| PROBLEM REQUIREMENTS |
Set down, exactly as written, the lines from the top of the data to the line that holds "本企画では千葉県森林課をはじ", and omit the pictures.

Collected data
>>
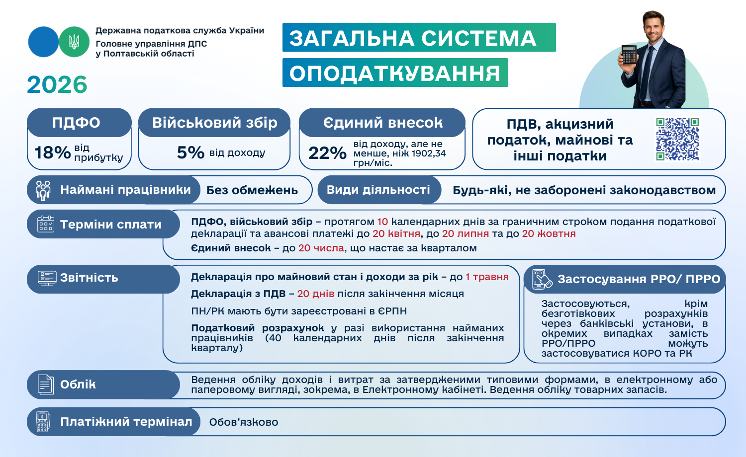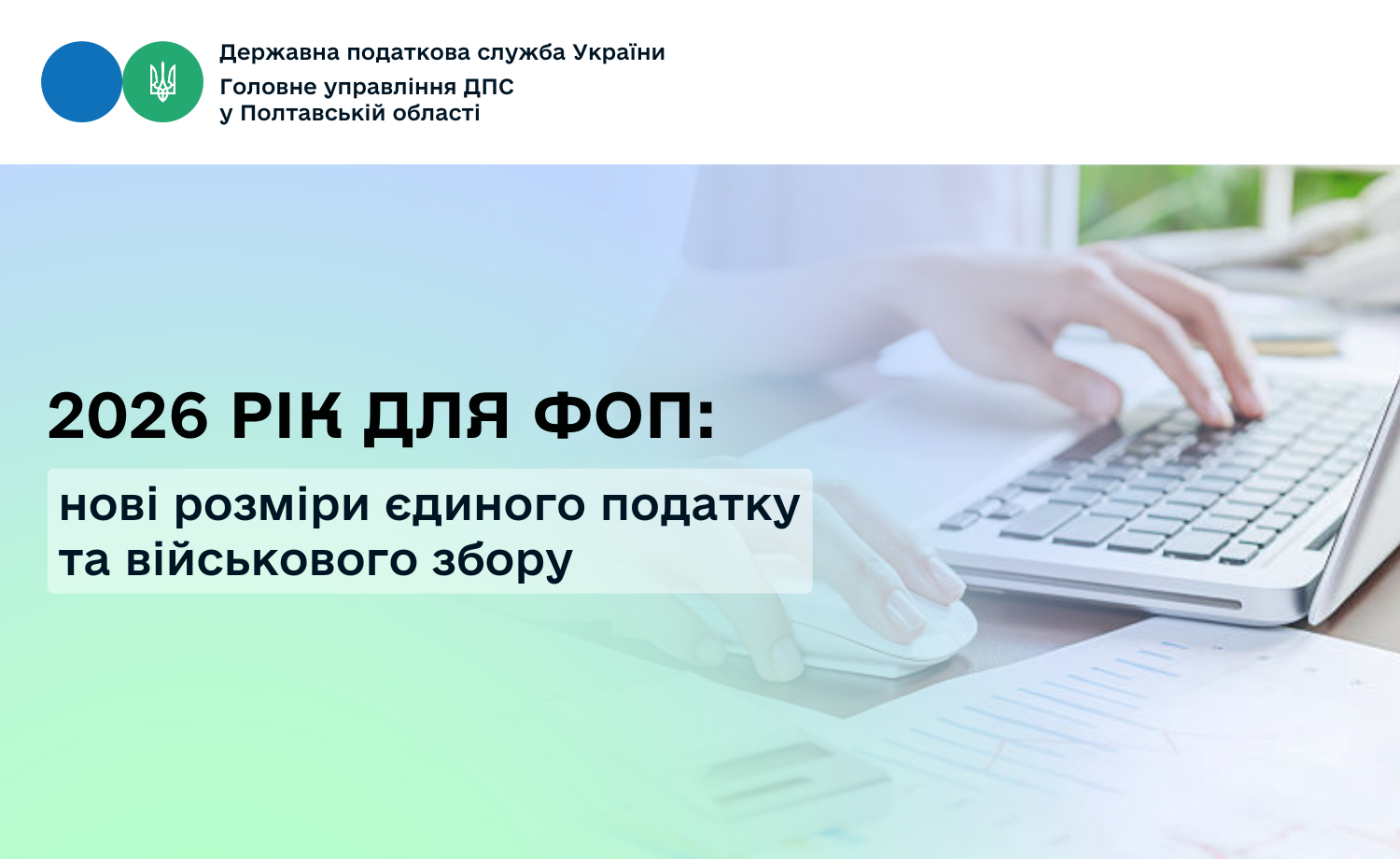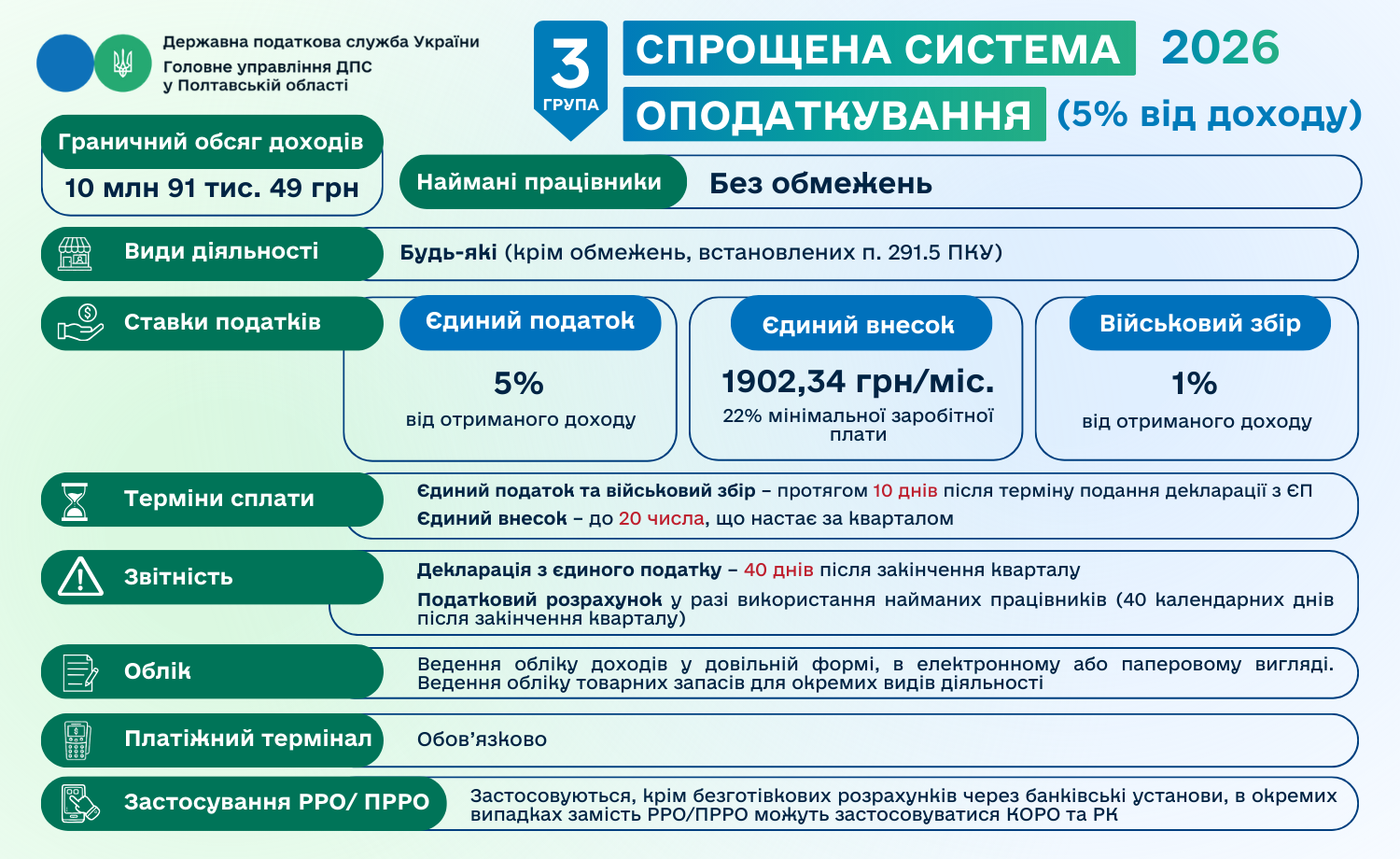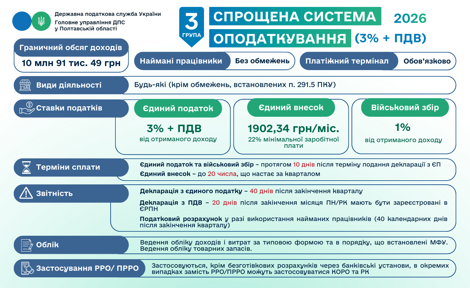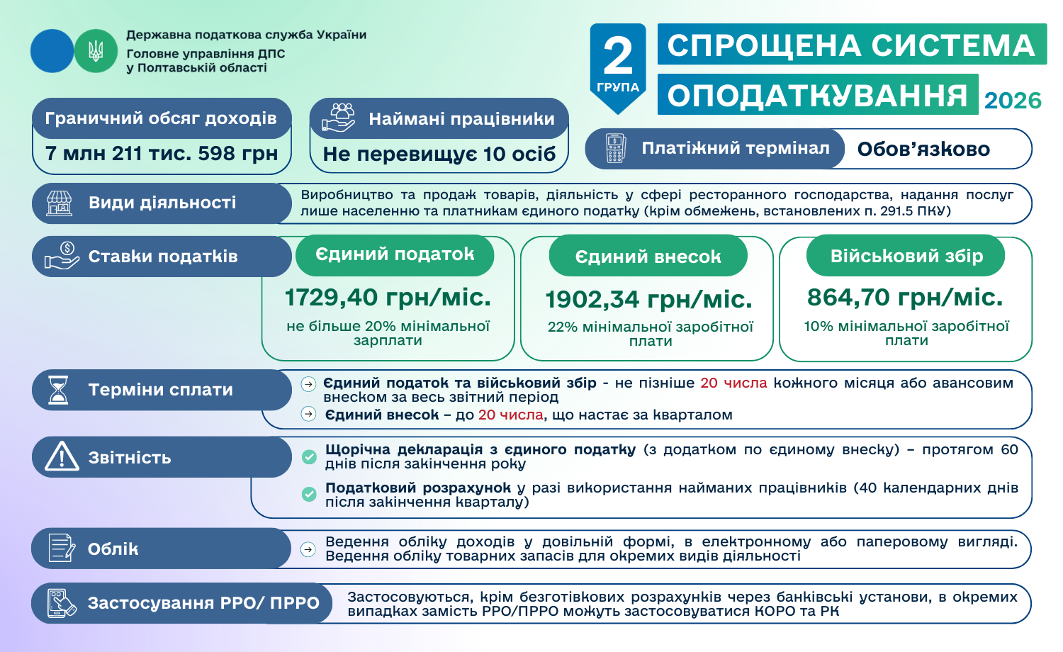 Головне управління ДПС у Полтавській області інформує, що з 1 січня 2026 року для фізичних осіб – підприємців, які працюють на першій та другій групах єдиного податку, діятимуть нові розміри ставок єдиного податку та військового збору.
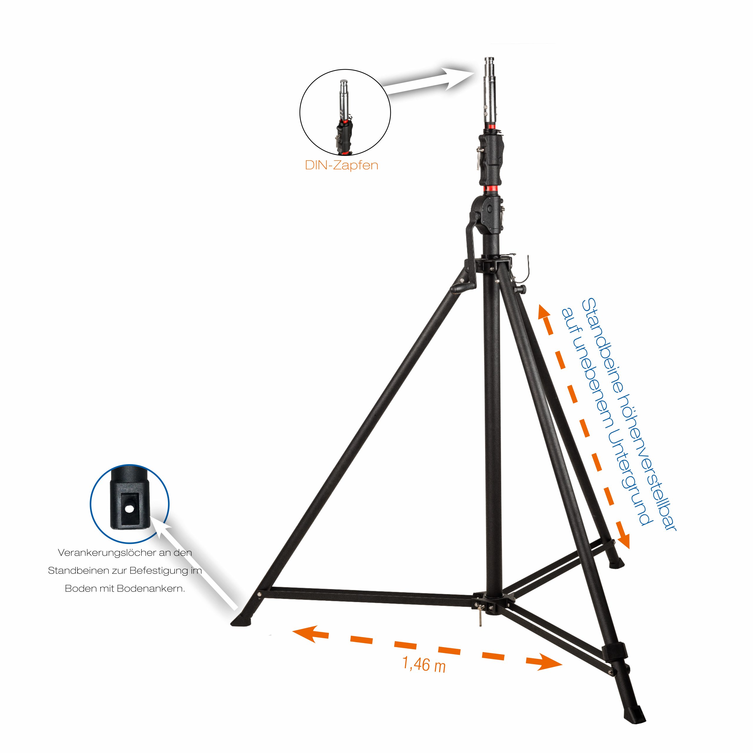• Stativ mit DIN-Zapfen und 820 mm langer Traverse mit DIN-Aufnahme zum schnellen Aufstecken und Sichern der Arbeitsleuchten auf dem Stativ
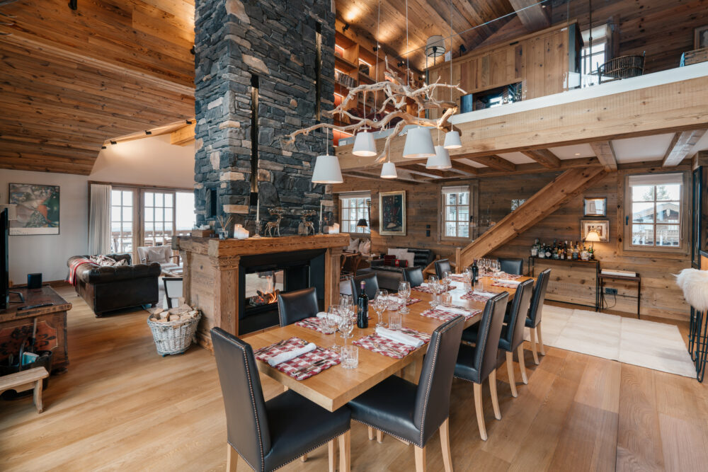 Designed to showcase its dominant position on the edge of the piste, the chalet benefits from panoramic views while maintaining complete privacy and the warm atmosphere of a family home. Spanning over 350 sq m across four levels, it offers generous spaces thoughtfully arranged to provide the perfect balance between conviviality and relaxation.
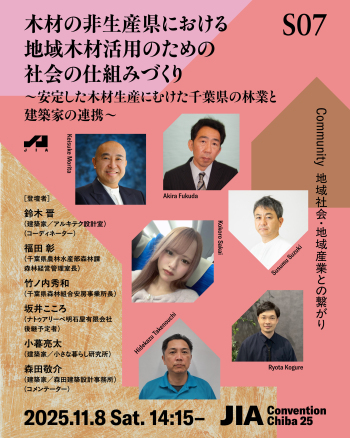 本企画では千葉県森林課をはじめ、山主、森林組合、製材所、林業後継者など、林業に関わるさまざまな立場の方々をお招きし、地域木材活用の実態や課題をお話しいただくとともに、建築家も加わり、県産木材の活用促進に向けた今後のあるべき姿を考えます。
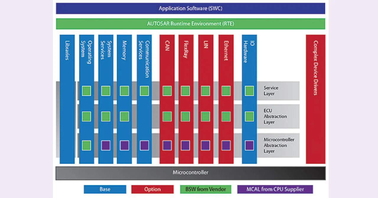 Die AUTOSAR-Software-Architektur entkoppelt die Anwendungslogik von der Hardware und erleichtert so die Wiederverwendung und Portabilität. Die BSW und das Betriebssystem sind mit der Microcontroller Abstraction Layer (MCAL) verbunden. Diese Schicht bietet wiederum Zugang zu den Komponenten auf den Host-Mikrocontroller. Die MCAL ist für jeden Mikrocontroller spezifisch und gewährt dem Betriebssystem und der BSW Zugang zu Komponenten wie digitale I/Os, Analog-Digital-Wandler sowie FLASH- und EEPROM-Support. Bild 4 zeigt die Beziehung zwischen verschiedenen Hardware- und Software-Schichten in einem AUTOSAR-Steuergerät.
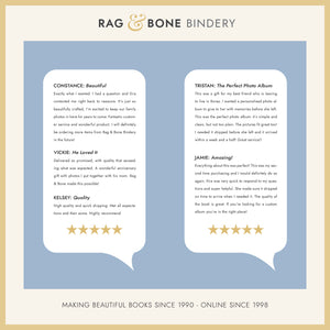 At heart, Rag & Bone Bindery is a family affair and we promise authenticity, quality, and care with every book we make. What began in 1990 as a shared interest in bookbinding and all things bookish between owners Jason Thompson & Ilira Steinman has endured for over 30 years as a unique bookbinding studio with a history rooted in fine craftsmanship and classic design. All of our Albums and Journals are bound by hand in our renovated historic mill building located in Pawtucket, Rhode Island.
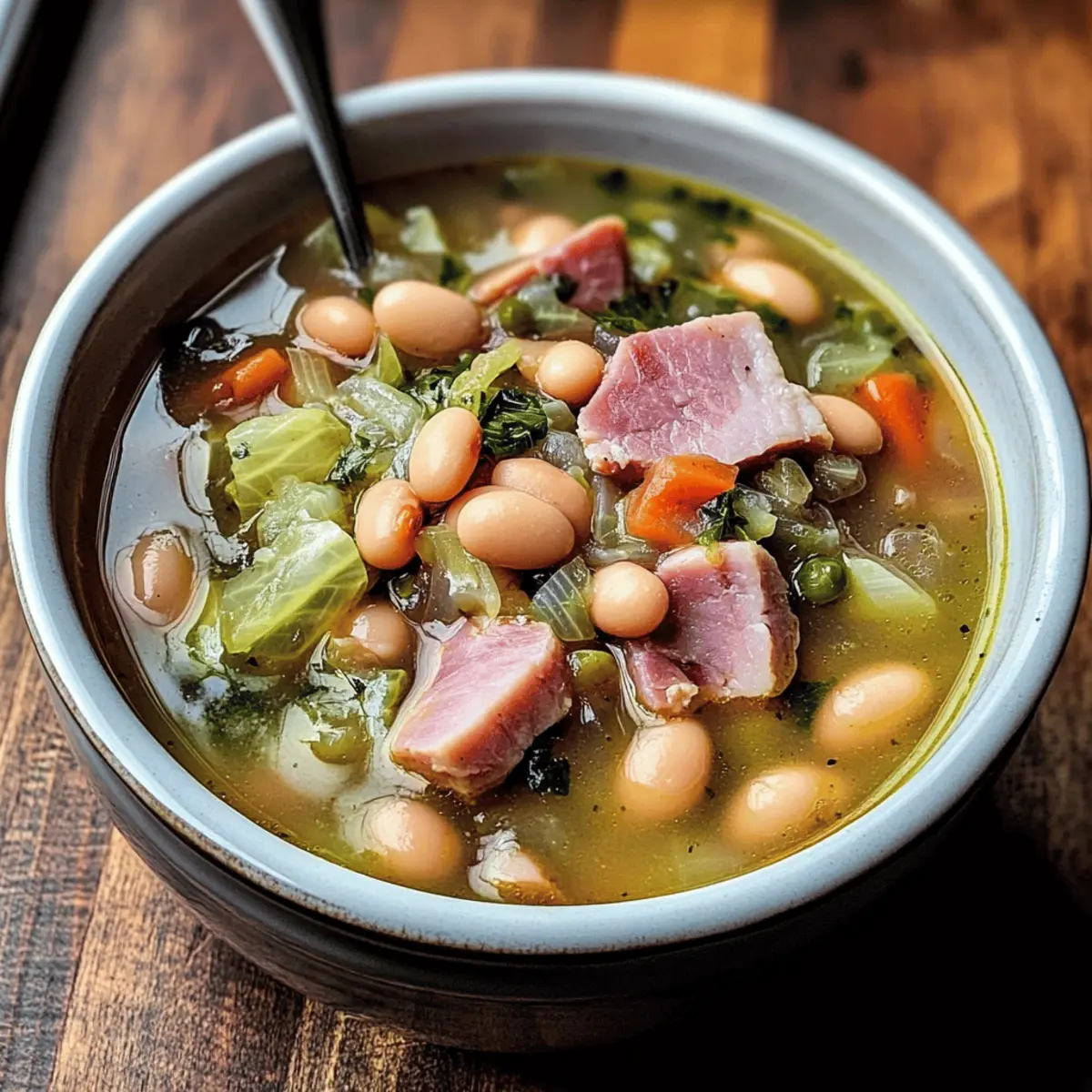 As the crisp air settles in and the leaves begin to turn, I find myself drawn to the kitchen, craving something warm and nourishing. Enter Smoked Ham Hock and Bean Cabbage Soup—a traditional French Garbure that not only fills the belly but also envelops the senses in a delightful smoky embrace. This hearty comfort food is packed with protein and fiber, making it an ideal choice for those chilly evenings when you want a meal that truly satisfies. The rich combination of tender ham, creamy white beans, and a colorful array of vegetables creates a blend of flavors that’s as comforting as a hug after a long day. Curious to learn the secrets of making this wholesome dish? Let’s dive in and discover the magic of this slow-cooked treasure! Why Is This Soup So Nourishing? Comforting warmth: This Smoked Ham Hock and Bean Cabbage Soup is the ultimate winter warmer, providing a cozy meal that wraps you in its embrace with every spoonful. Rich, hearty texture: The combination of tender ham, creamy beans, and robust vegetables creates a deliciously satisfying dish that’s reminiscent of a warm, hearty stew. Flavorful depth: Slow-cooked to perfection, the infusion of savory herbs enhances the rich flavors, ensuring every bite delights your taste buds and warms your soul. Versatile ingredients: Feel free to substitute different beans or greens. Swap in chickpeas or kale for a personalized twist! Easy to prepare: Perfect for busy weeknights, this soup mostly cooks itself. Let it simmer while you enjoy a glass of wine or prep a salad! You can even pair it with a delicious side like Parmesan Green Beans for a complete meal. Crowd-pleaser: Whether it’s a family dinner or a gathering with friends, this hearty soup is sure to impress and make everyone feel at home. Ham Hock and Bean Cabbage Ingredients • Gather these delightful components for a nourishing soup experience! For the Soup Base Smoked Ham Hock – Delivers a deep, smoky essence; if unavailable, bacon or pancetta work wonders too! Dried White Beans – Adds hearty texture and protein; Great Northern or Cannellini beans are excellent choices! Water or Chicken Broth – Serves as the flavorful base; using broth elevates the soup’s richness. Olive Oil – Used for sautéing, providing a luscious flavor; can substitute with vegetable oil if needed. For the Aromatics Onion – Incorporates aromatic depth into the broth; chop finely for even distribution of flavor. Garlic – Amplifies the soup’s flavor; fresh and minced is best for maximum impact. Leek – Enhances savory notes; ensure it’s sliced thinly and washed well to remove any grit. For the Vegetables Carrots – Adds natural sweetness; dice into uniform pieces for consistent cooking. Potatoes – Contributes heartiness; cube into bite-sized pieces for a perfect texture. Green Cabbage – Introduces a subtle sweetness; chop finely to ensure it cooks through. For the Seasoning Thyme – Imparts aromatic herbal notes; feel free to adjust the quantity based on your flavor preference. Bay Leaf – Enriches the broth with depth; remember to remove it before serving! Salt and Pepper – Essential seasoning to enhance flavors; adjust according to taste for a personalized touch. This Ham Hock and Bean Cabbage soup is your ticket to a cozy, nourishing meal that will warm both body and soul! Step‑by‑Step Instructions for Smoked Ham Hock and Bean Cabbage Soup Step 1: Sauté Aromatics In a large pot, heat 2 tablespoons of olive oil over medium heat. Once shimmering, add 1 finely chopped onion, 2 minced garlic cloves, and 1 sliced leek. Sauté for about 5 minutes until the onion becomes translucent and aromatic, stirring occasionally to prevent sticking. Step 2: Simmer Base Add the smoked ham hock to the pot, then pour in 6 cups of water or chicken broth, covering the meat completely. Increase the heat to high and bring the mixture to a vigorous boil, then reduce to a gentle simmer. Allow it to cook uncovered for about 30 minutes, skimming any foam that rises to the top. Step 3: Add Ingredients Stir in 1 pound of soaked white beans, 1 teaspoon of dried thyme, and 1 bay leaf alongside diced carrots and cubed potatoes. Stir well to combine, then cover the pot partially, allowing the soup to simmer for about 1 hour, or until the beans are tender and the ham is easily shreddable. Step 4: Shred Meat Once the ham hock is tender, remove it from the pot using a slotted spoon. Let it cool slightly, then shred the meat off the bone using two forks. Return the shredded ham to the pot, mixing it with the soup for that smoky flavor to meld with the beans and vegetables. Step 5: Finish Soup Add 4 cups of chopped green cabbage to the pot, stirring to incorporate. Cover and let the soup simmer for an additional 20-30 minutes, or until the cabbage is tender and all the vegetables are soft—this final step ensures the flavors evolve beautifully in your Smoked Ham Hock and Bean Cabbage Soup. Step 6: Season and Serve Taste the soup and adjust seasoning with salt and pepper according to your preference, letting each ingredient shine through. Serve the hot soup in bowls alongside crusty French bread, perfect for dipping into this hearty, comforting dish that will warm your heart. Expert Tips for Ham Hock and Bean Cabbage Soup Choose Quality Ham Hock: The flavor of your soup largely depends on the quality of the smoked ham hock. Look for one that has a good amount of meat on it for a richer, heartier soup. Soaking Beans: Always soak your dried white beans overnight for optimum texture and cooking time. This will help them cook evenly and absorb the flavors while avoiding common issues like hardness. Sauté Aromatics Well: Don’t rush the sautéing process of your onions, garlic, and leeks. Properly caramelized aromatics will elevate the soup’s flavor profile dramatically—be patient and let them soften beautifully. Stir Occasionally: When simmering, give the soup a gentle stir from time to time to prevent
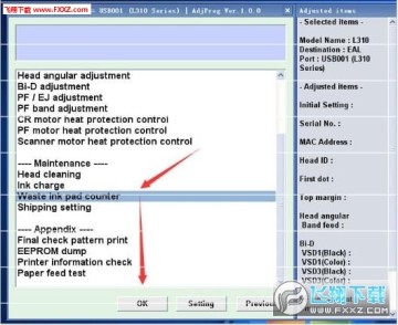 4.选择[Waste ink pad counter]然后点[OK]. 如下图。
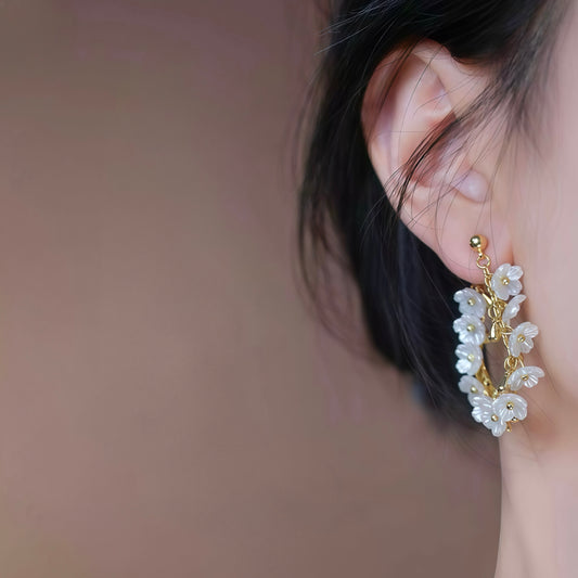 Cherry Blossom Rain Earrings – Convertible Floral Hoops & Mother-of-Pearl (2-in-1 Style)
<<
| COMPLETED TASK |
 Головне управління ДПС у Полтавській області інформує, що з 1 січня 2026 року для фізичних осіб – підприємців, які працюють на першій та другій групах єдиного податку, діятимуть нові розміри ставок єдиного податку та військового збору.
• Stativ mit DIN-Zapfen und 820 mm langer Traverse mit DIN-Aufnahme zum schnellen Aufstecken und Sichern der Arbeitsleuchten auf dem Stativ
 Designed to showcase its dominant position on the edge of the piste, the chalet benefits from panoramic views while maintaining complete privacy and the warm atmosphere of a family home. Spanning over 350 sq m across four levels, it offers generous spaces thoughtfully arranged to provide the perfect balance between conviviality and relaxation.
 本企画では千葉県森林課をはじめ、山主、森林組合、製材所、林業後継者など、林業に関わるさまざまな立場の方々をお招きし、地域木材活用の実態や課題をお話しいただくとともに、建築家も加わり、県産木材の活用促進に向けた今後のあるべき姿を考えます。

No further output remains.